Load testing & golden signals

How BugBrain's load testing maps results to the Four Golden Signals — latency, traffic, errors, and saturation — alongside SLA thresholds (p50/p95/p99 latency, error rate) and the degradation knee where performance falls off under load.

A load test answers a different question from a functional test: not "does it work?" but "does it still work under pressure, and where does it stop?" BugBrain runs many concurrent requests at one saved API request, then organizes the results around a model the industry already trusts — the Four Golden Signals — so the report is consistent and easy to reason about regardless of which endpoint you tested.

The Four Golden Signals#

The Four Golden Signals are a standard way to describe the health of a service under load. BugBrain maps every load-test result onto them:

  • Latency — how long requests take to complete. Reported as percentiles so you see the typical case and the slow tail, not just an average.
  • Traffic — how much demand is hitting the endpoint, measured as throughput (requests per second).
  • Errors — the rate of requests that failed or returned an error response. A system can be fast and still be quietly failing.
  • Saturation — how full the system is getting: the signs that it's approaching its capacity, such as latency climbing and errors appearing as load rises.

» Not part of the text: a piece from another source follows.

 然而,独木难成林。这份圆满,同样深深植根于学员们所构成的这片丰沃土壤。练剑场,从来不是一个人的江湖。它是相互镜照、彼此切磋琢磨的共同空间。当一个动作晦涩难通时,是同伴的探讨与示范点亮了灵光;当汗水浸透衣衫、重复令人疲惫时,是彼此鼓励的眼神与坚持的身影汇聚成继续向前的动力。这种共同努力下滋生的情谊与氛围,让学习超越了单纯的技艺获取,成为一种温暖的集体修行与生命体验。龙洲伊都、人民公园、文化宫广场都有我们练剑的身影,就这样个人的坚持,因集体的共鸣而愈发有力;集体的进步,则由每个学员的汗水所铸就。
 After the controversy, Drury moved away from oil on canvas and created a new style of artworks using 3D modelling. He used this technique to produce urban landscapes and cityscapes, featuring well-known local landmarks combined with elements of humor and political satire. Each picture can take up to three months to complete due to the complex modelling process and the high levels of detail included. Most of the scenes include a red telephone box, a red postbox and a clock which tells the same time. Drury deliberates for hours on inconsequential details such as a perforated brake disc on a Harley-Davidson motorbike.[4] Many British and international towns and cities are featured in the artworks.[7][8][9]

Looking at all four together tells a complete story. Latency alone can look fine while errors spike; traffic alone says nothing about whether the service kept up. The four signals are the lens BugBrain's analysis uses to find the real bottleneck.

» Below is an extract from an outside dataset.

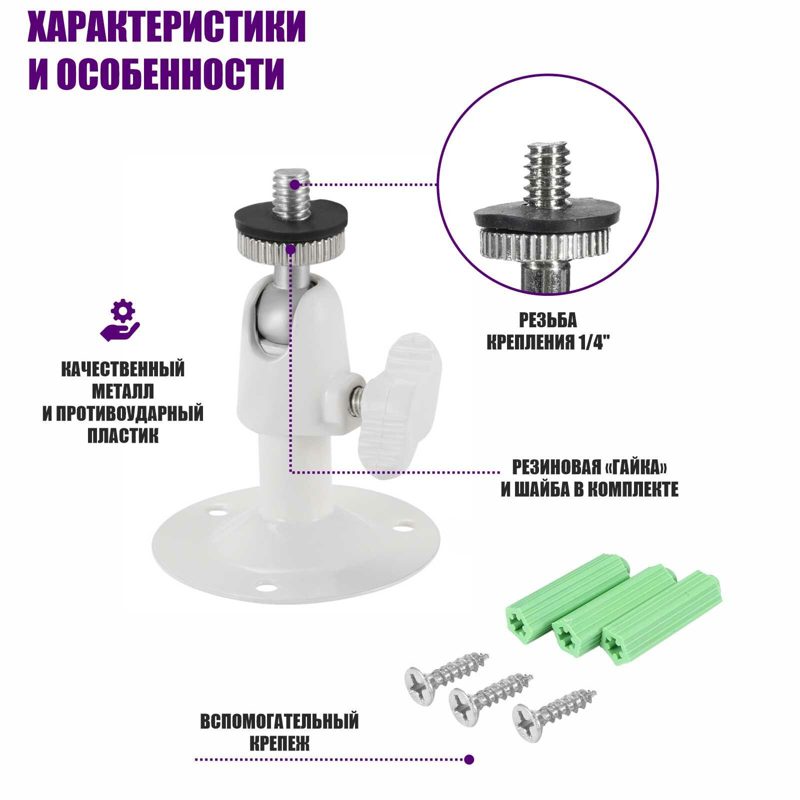 Настенное крепление NKSH-14W с шаровой головкой и резьбой 1/4", цвет белый, 2 шт информация:

Latency percentiles and SLA thresholds#

Averages lie about performance, because a few very slow requests get washed out by many fast ones. BugBrain reports latency percentiles instead:

  • p50 — the median. Half of requests completed faster than this.
  • p95 — 95% of requests completed faster than this; the remaining 5% were slower.
  • p99 — 99% completed faster; this exposes the slow tail that hurts your least-lucky users.

On top of the numbers, you can define SLA thresholds — objective targets the run must meet, such as "p95 latency under 300 ms" or "error rate under 1%." BugBrain evaluates the run against each threshold and reports a pass or fail, turning a wall of charts into a clear, objective verdict you can gate on.

The degradation knee#

As you push more traffic at an endpoint, performance doesn't degrade evenly — it tends to hold steady and then fall off a cliff. BugBrain identifies that degradation knee: the point where latency and errors start climbing sharply for each additional unit of load.

The knee is the practical answer to "how much can this take?" Below it, the endpoint absorbs load gracefully; above it, each extra request makes things disproportionately worse. Knowing where the knee sits tells you your real headroom and where to focus optimization before it bites in production.

Read the signals together, then find the knee

Start with the four signals to see what is degrading (slow? erroring? saturated?), then look at the knee to see when it starts. The two together turn raw load numbers into an action: scale up, optimize, or set a safe traffic ceiling.

Frequently asked questions

What are the Four Golden Signals?

Latency, traffic, errors, and saturation. They're a widely used way to summarize the health of a service under load, and BugBrain maps every load-test result onto them so the report reads the same way every time.

What do p50, p95, and p99 mean?

They're latency percentiles. p50 is the median (half of requests were faster), p95 means 95% of requests were faster than this value, and p99 means 99% were. The high percentiles reveal the slow tail most users never average out.

What is the degradation knee?

It's the point where performance falls off as load rises — where latency and errors start climbing sharply for each extra unit of traffic. It tells you roughly how much load your endpoint can take before it stops behaving well.

How do SLA thresholds work?

You set targets — for example p95 latency under 300 ms and error rate under 1%. BugBrain evaluates the run against them and reports pass or fail per threshold, so you get an objective verdict, not just charts.